Later that year, the great challenge was the choreographic part of the OPERA du SAHEL, an important African creation, initiated and produced by the Prince Claus Fund in Holland. It premiered in Bamako in February 2007, followed by performances in Amsterdam and Paris and a first African Tour in 2009.
In 2008, another choreographic work was organised as a collaboration between Jant-Bi company (7 male dancers) and Urban Bush Women company (7 Afro-American female dancers) from New York. This new creation “Les écailles de la mémoire – Scales of memory” was created by her and Jawole Zollar, the artistic director of Urban Bush Women and had great success during several touring in the USA and in Europe. Her creation, the solo “Songook Yaakaar” had its Premiere at the Biennale de la danse in Lyon in September 2010.
In 2014 the French choreographer Olivier Dubois created a solo piece for Germaine Acogny “Mon élue noire – Sacre no.2” based on the original music of “Le Sacre du printemps.” In 2015 her new solo creation “Somewhere at the beginning”, came out in collaboration with theatre director Mikael Serre, a creation that combined dance, theater and video. The premier took place at the Grand Theatre de la Ville du Luxembourg in June 2015. She continues to collaborate with international schools and Dance Centers and regularly teaches master classes. From January 2015 she submitted the Artistic Direction of the Ecole des Sables to her son Patrick Acogny.

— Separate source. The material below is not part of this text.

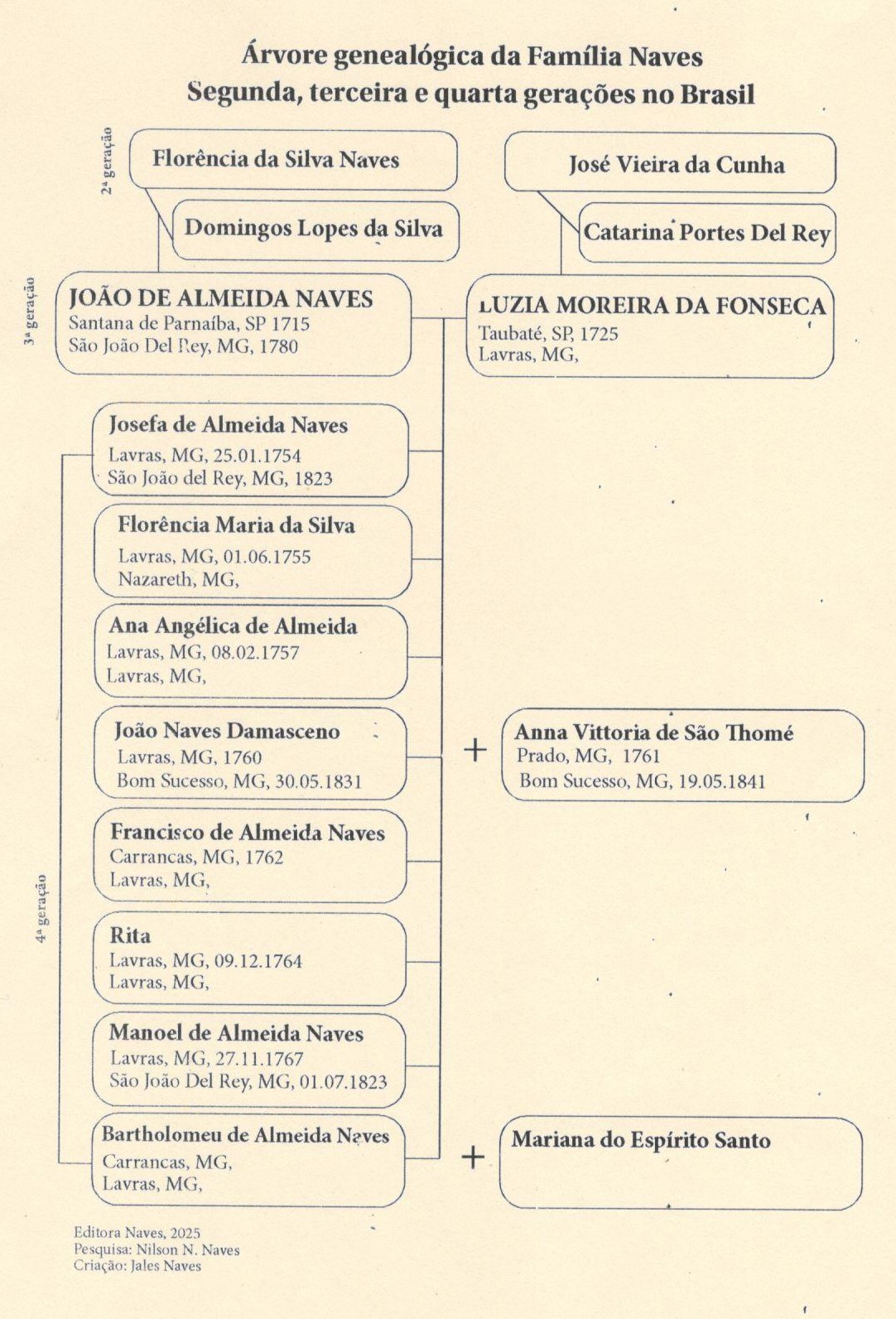 Árvore genealógica dos Naves, 2ª, 3ª e 4ª gerações no Brasil

In 2020, Germaine Acogny and Helmut Vogt made the decision to hand over the role of Artistic Direction and custodian of the Ecole des Sables to two of its trusted Alumni that are also holders of the Acogny Technique Diploma: Alesandra Seutin and Wesley Ruzibiza, to work alongside Paul Sagne, who has been working and evolving within Ecole des Sables for the last 15 years and who has now been appointed Administrative Director.
In February 2021, Germaine Acogny was Awarded with “The Golden Lion for Lifetime achievement” in dance by the La Biennale di Venezia.